В целом, за последние две-три недели особо ничего не произошло, за исключением страшного скандала в дворцовом коридоре, который разразился одним прекрасным субботним утром, когда Мишка, уставший после учебной недели, приехал на выходные. Что произошло — я узнал лишь со слов Доменики:

«На часах было примерно пять утра, я вышла из комнаты в своём тёмно-синем платье, дабы проверить, высох ли мой изумрудный костюм, выстиранный накануне и развешенный во внутреннем дворе на верёвке. Но лишь только вышла в коридор, как почувствовала, что кто-то крепко схватил меня за руку. Обернувшись, я увидела гневное лицо князя Микеле.

— Что вам угодно, ваша светлость? — обратилась я к нему и получила в ответ пощёчину.

— У тебя будут неприятности, если и дальше будешь соблазнять моего отца! — злобно прошипел Микеле, больно вцепившись мне в плечи.

На глаза мои навернулись слёзы, и я горько заплакала, потирая горящую от боли щёку…»

Ужас! Этот тупица Мишка, наверное, продолжил бы избивать мою возлюбленную, но к счастью, я в нужное время оказался в коридоре.

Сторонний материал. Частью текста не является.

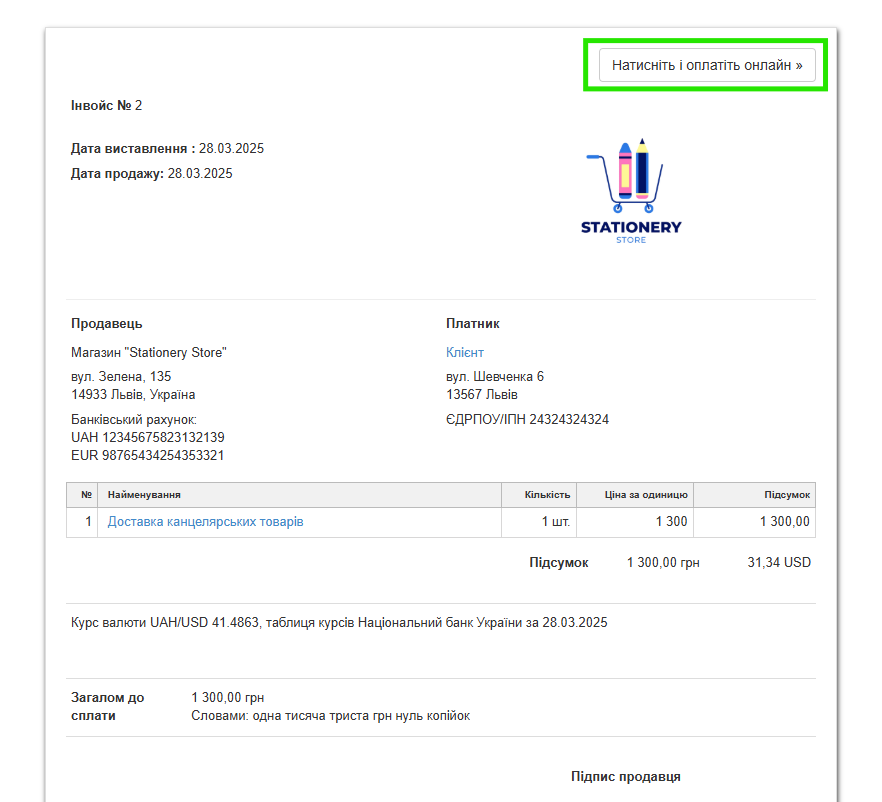 - у правому верхньому куті рахунку з’явиться кнопка, яка перенаправить вашого контрагента до сторінки оплати;

Кипя от злости, я подскочил к обидчику и со всей дури врезал по морде так, что от неожиданности он подался назад, отпустив Доменику. Мгновенно придя в себя, Мишка набросился на меня, наградив отменным синяком под глаз. Драка вспыхнула мгновенно, хорошо, любимая успела сбегать в комнату Стефано, чтобы тот помог нас разнять, сама же она не рискнула этого делать. Надо сказать, я значительно уступал Мишке в силе и ловкости и уже готов был попрощаться с жизнью, но в это время послышалось грозное сопрано синьора Альджебри:

— Что вы сделали, дон Микеле! Как вы смели дать пощёчину даме?! — вне себя от бешенства воскликнул Стефано, оттаскивая Мишку от меня за плечи.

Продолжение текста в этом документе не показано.